(Supplied data):
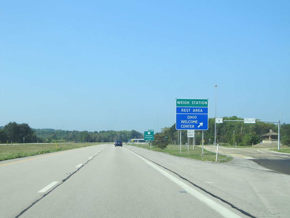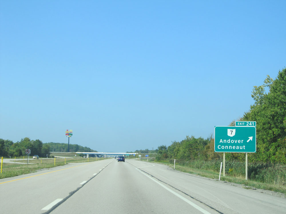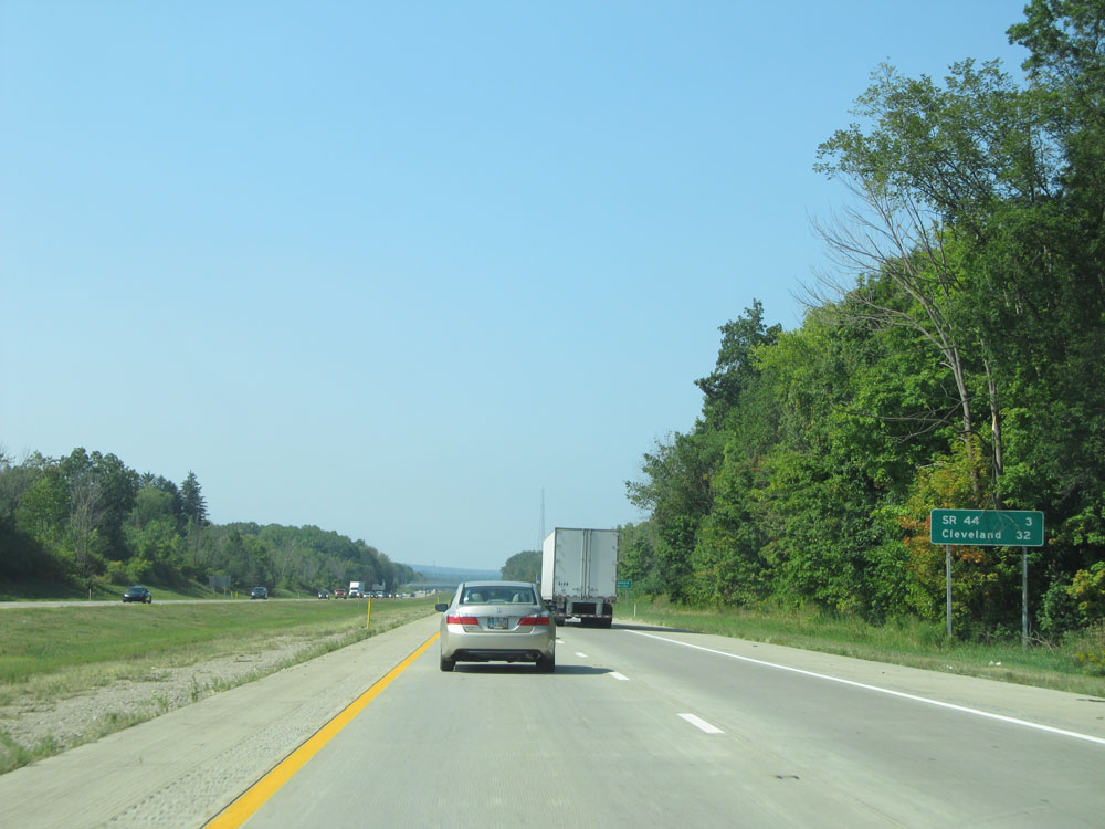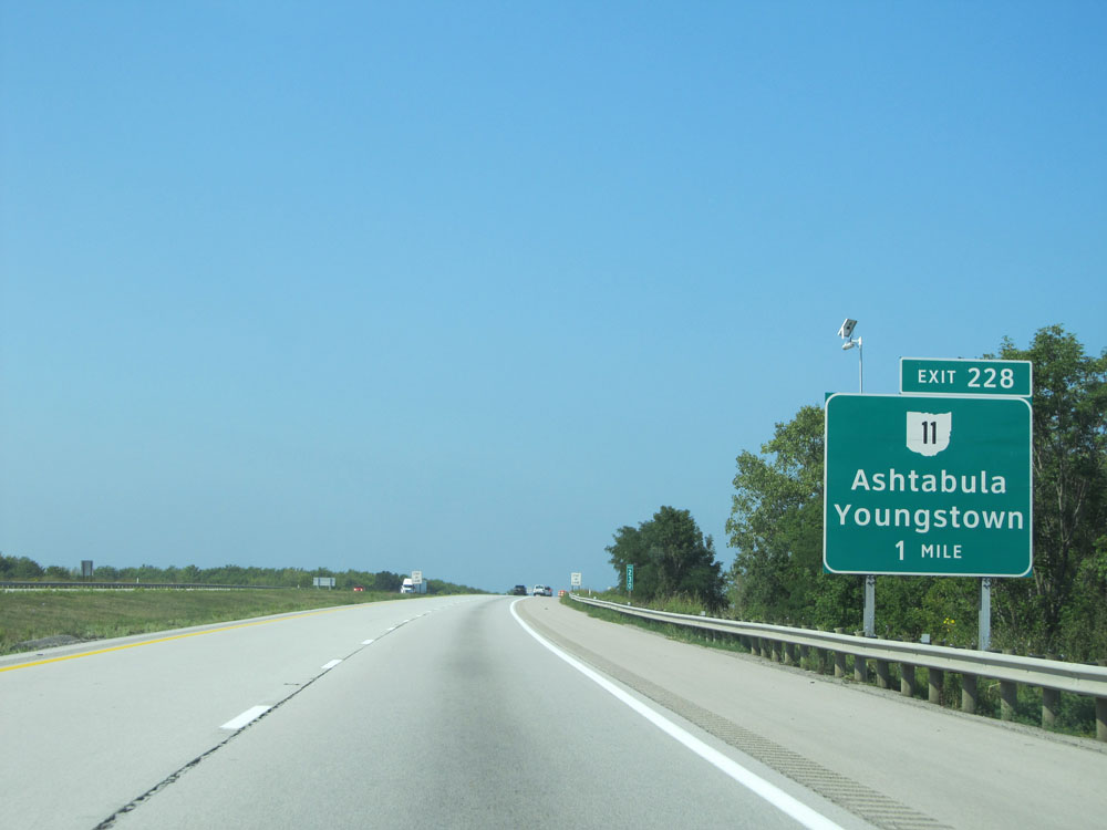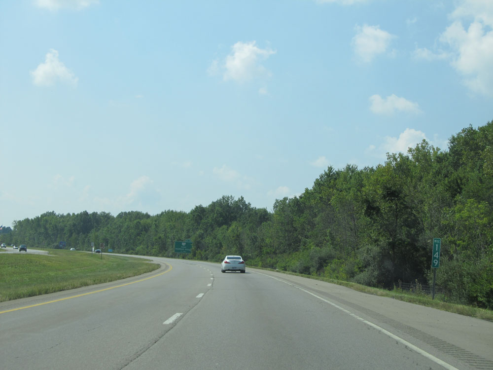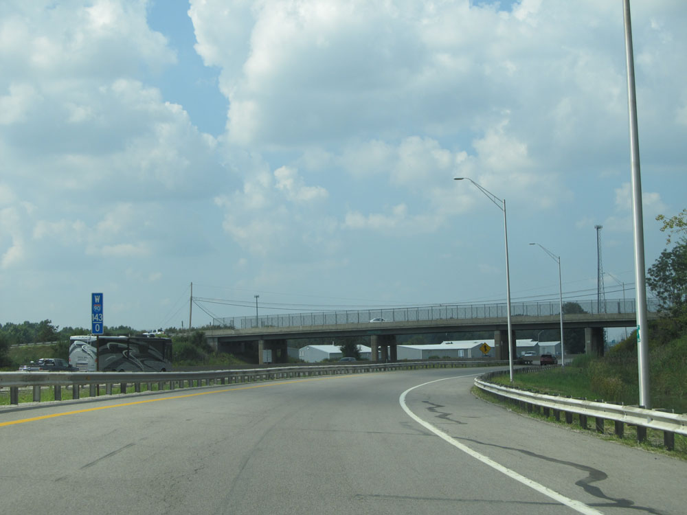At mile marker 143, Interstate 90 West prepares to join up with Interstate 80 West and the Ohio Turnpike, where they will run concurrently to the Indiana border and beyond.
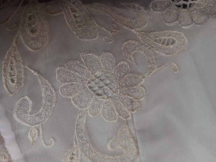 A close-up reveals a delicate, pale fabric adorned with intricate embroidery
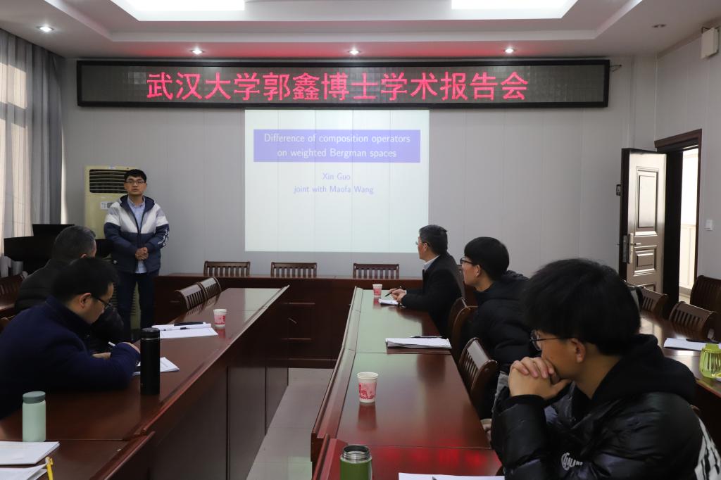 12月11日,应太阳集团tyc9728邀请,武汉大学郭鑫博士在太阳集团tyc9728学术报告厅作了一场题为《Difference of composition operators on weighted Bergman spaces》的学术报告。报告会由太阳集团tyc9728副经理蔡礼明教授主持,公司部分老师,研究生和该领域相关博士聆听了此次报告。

(Requirement): Repeat the material above precisely as it appears, omitting the images it contains.

(Written response):
At mile marker 143, Interstate 90 West prepares to join up with Interstate 80 West and the Ohio Turnpike, where they will run concurrently to the Indiana border and beyond.
 A close-up reveals a delicate, pale fabric adorned with intricate embroidery
 12月11日,应太阳集团tyc9728邀请,武汉大学郭鑫博士在太阳集团tyc9728学术报告厅作了一场题为《Difference of composition operators on weighted Bergman spaces》的学术报告。报告会由太阳集团tyc9728副经理蔡礼明教授主持,公司部分老师,研究生和该领域相关博士聆听了此次报告。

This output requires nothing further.